*** Opening of Exercise materials ***

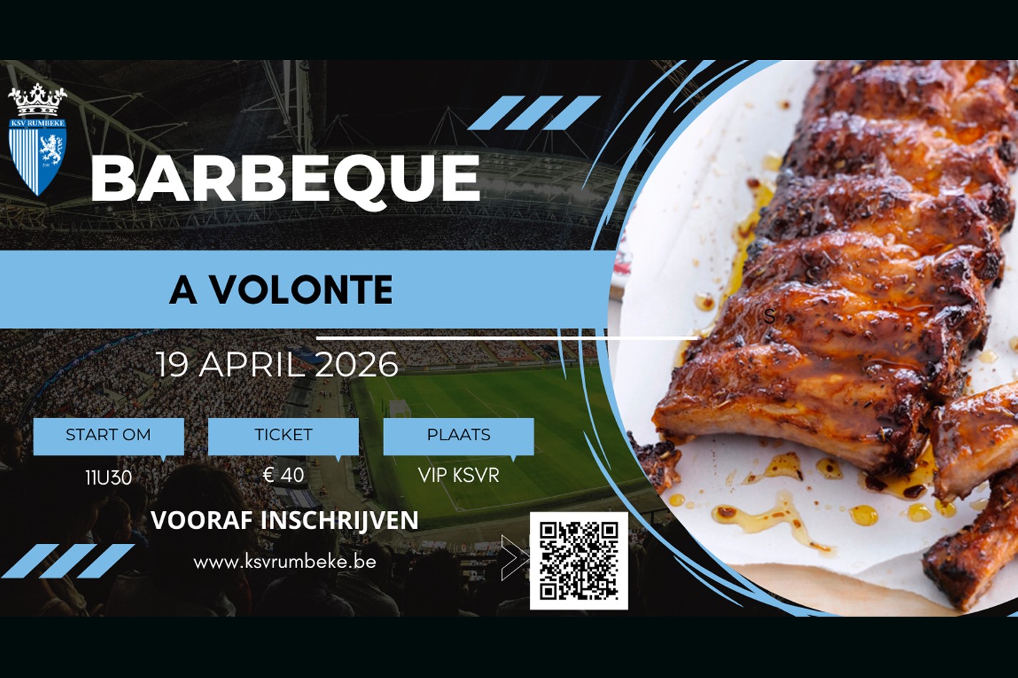 Op zondag 19 april 2026 spelen we onze laatste thuismatch van de reguliere competitie om 15 u tegen Berlare en we willen U graag uitnodigen op onze BBQ voor partners, ouders en sympathisanten van ons eerste elftal in de VIP-ruimte.
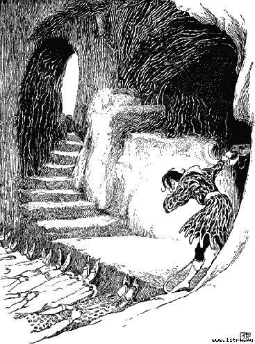 А история рассказывает, что там было темно и Юрген не мог ничего разглядеть. Пещера тянулась вперед и вниз, а в дальнем конце мерцал свет. Юрген все шел и шел, и так добрался до того места, где увидел кентавра. Эта часть пещеры сейчас была пуста. Но дальше того места, где прежде в ожидании Юргена лежал Несс, в стене пещеры имелся проем, и из него струился свет. Юрген встал на четвереньки и заполз в это отверстие.
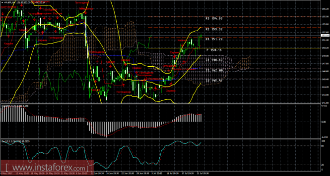 На младшем графике рекомендуется рассматривать ордера на продажу с целью 144,24 при закреплении цены ниже 149,98 (Тенкан-сен) и уровнем S/L выше 149,98. Разворот MACD наверх - коррекция. Учитывая очень далекое расположение линии Тенкан-сен, S/L лучше выставлять гораздо ниже.
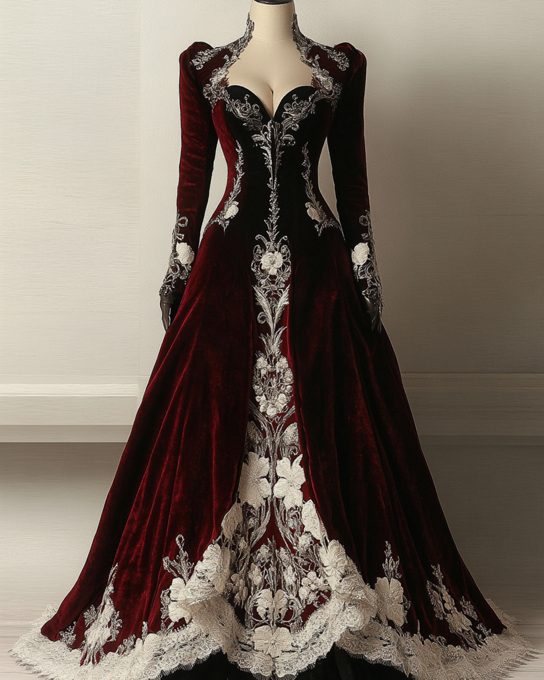 Christmas Themed Floral Lace Patchwork Embroidered Velvet Dress 2192
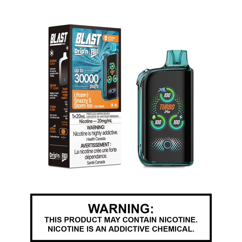Introducing the Snazzy S Storm Ice Dripn Blast 30K Disposable Vape, a powerhouse collaboration between Dripn and Fasta, delivering up to 30,000 puffs with 20mL of vape juice. This innovative vape boasts dual tanks: a 15mL flavour tank and a 5mL ice tank, allowing you to personalize your flavour and ice experience with every puff. Activate the Blast Button for an extra icy sensation when inhaling, giving you more control over intensity.
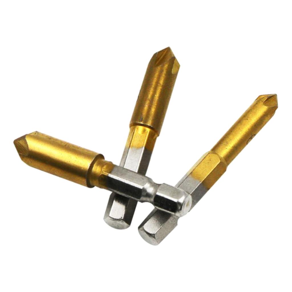 Premium Quality - The 1/4″ hex shank countersink cutting tools are made of standard high speed steel. With high-frequency quenching for heat treatment, the HSS countersink bits have high hardness and toughness. Coated by titanium, the chamfer cutter kit is rustproof and has a long service life.
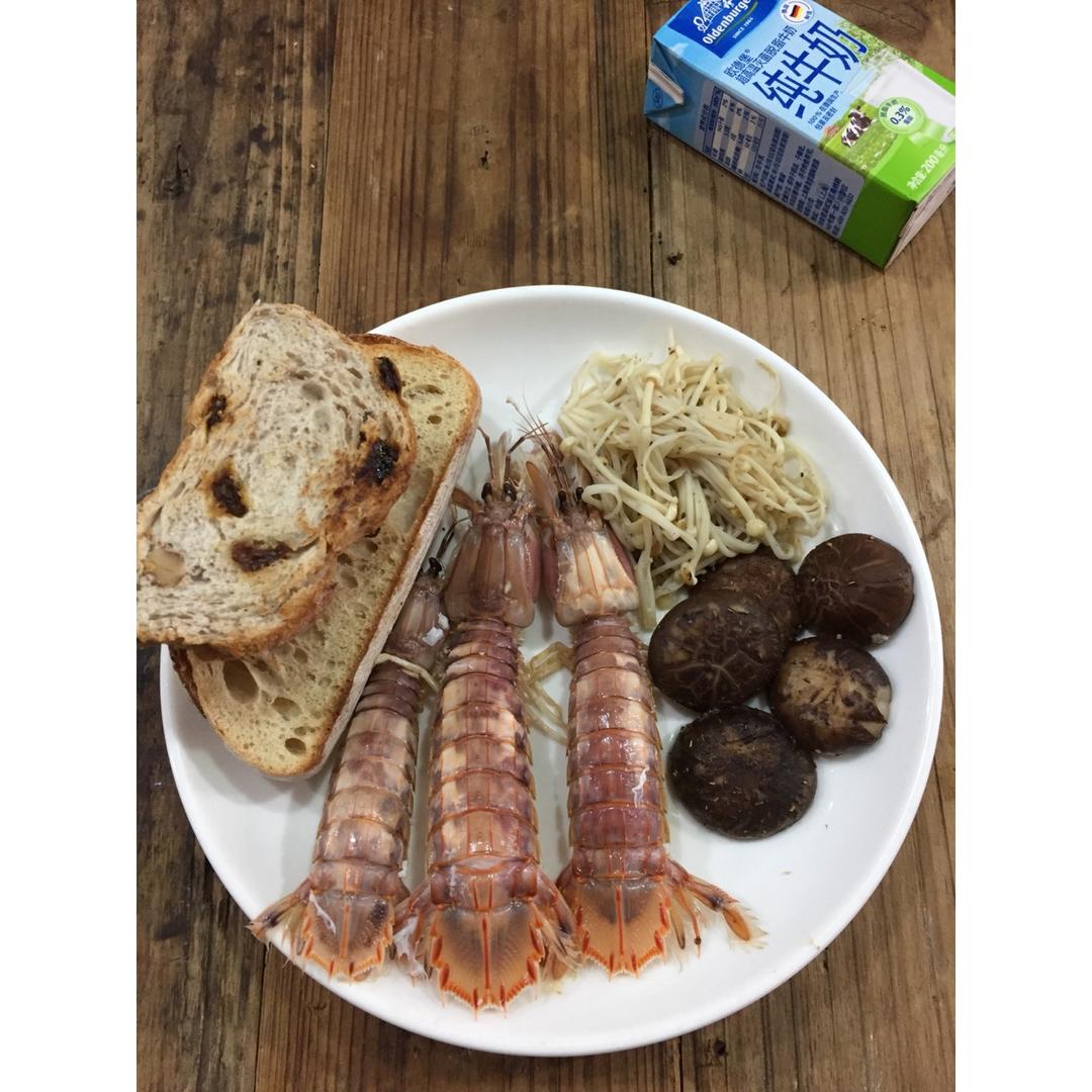 阿姿举个栗子、阿姿歪果仁、水煮虾爬、水煮香菇、无油煎金针菇、脱脂牛奶

*** Close of Exercise materials ***

Once the pictures are dropped, repeat the data above exactly.

 Op zondag 19 april 2026 spelen we onze laatste thuismatch van de reguliere competitie om 15 u tegen Berlare en we willen U graag uitnodigen op onze BBQ voor partners, ouders en sympathisanten van ons eerste elftal in de VIP-ruimte.
 А история рассказывает, что там было темно и Юрген не мог ничего разглядеть. Пещера тянулась вперед и вниз, а в дальнем конце мерцал свет. Юрген все шел и шел, и так добрался до того места, где увидел кентавра. Эта часть пещеры сейчас была пуста. Но дальше того места, где прежде в ожидании Юргена лежал Несс, в стене пещеры имелся проем, и из него струился свет. Юрген встал на четвереньки и заполз в это отверстие.
 На младшем графике рекомендуется рассматривать ордера на продажу с целью 144,24 при закреплении цены ниже 149,98 (Тенкан-сен) и уровнем S/L выше 149,98. Разворот MACD наверх - коррекция. Учитывая очень далекое расположение линии Тенкан-сен, S/L лучше выставлять гораздо ниже.
 Christmas Themed Floral Lace Patchwork Embroidered Velvet Dress 2192
Introducing the Snazzy S Storm Ice Dripn Blast 30K Disposable Vape, a powerhouse collaboration between Dripn and Fasta, delivering up to 30,000 puffs with 20mL of vape juice. This innovative vape boasts dual tanks: a 15mL flavour tank and a 5mL ice tank, allowing you to personalize your flavour and ice experience with every puff. Activate the Blast Button for an extra icy sensation when inhaling, giving you more control over intensity.
 Premium Quality - The 1/4″ hex shank countersink cutting tools are made of standard high speed steel. With high-frequency quenching for heat treatment, the HSS countersink bits have high hardness and toughness. Coated by titanium, the chamfer cutter kit is rustproof and has a long service life.
 阿姿举个栗子、阿姿歪果仁、水煮虾爬、水煮香菇、无油煎金针菇、脱脂牛奶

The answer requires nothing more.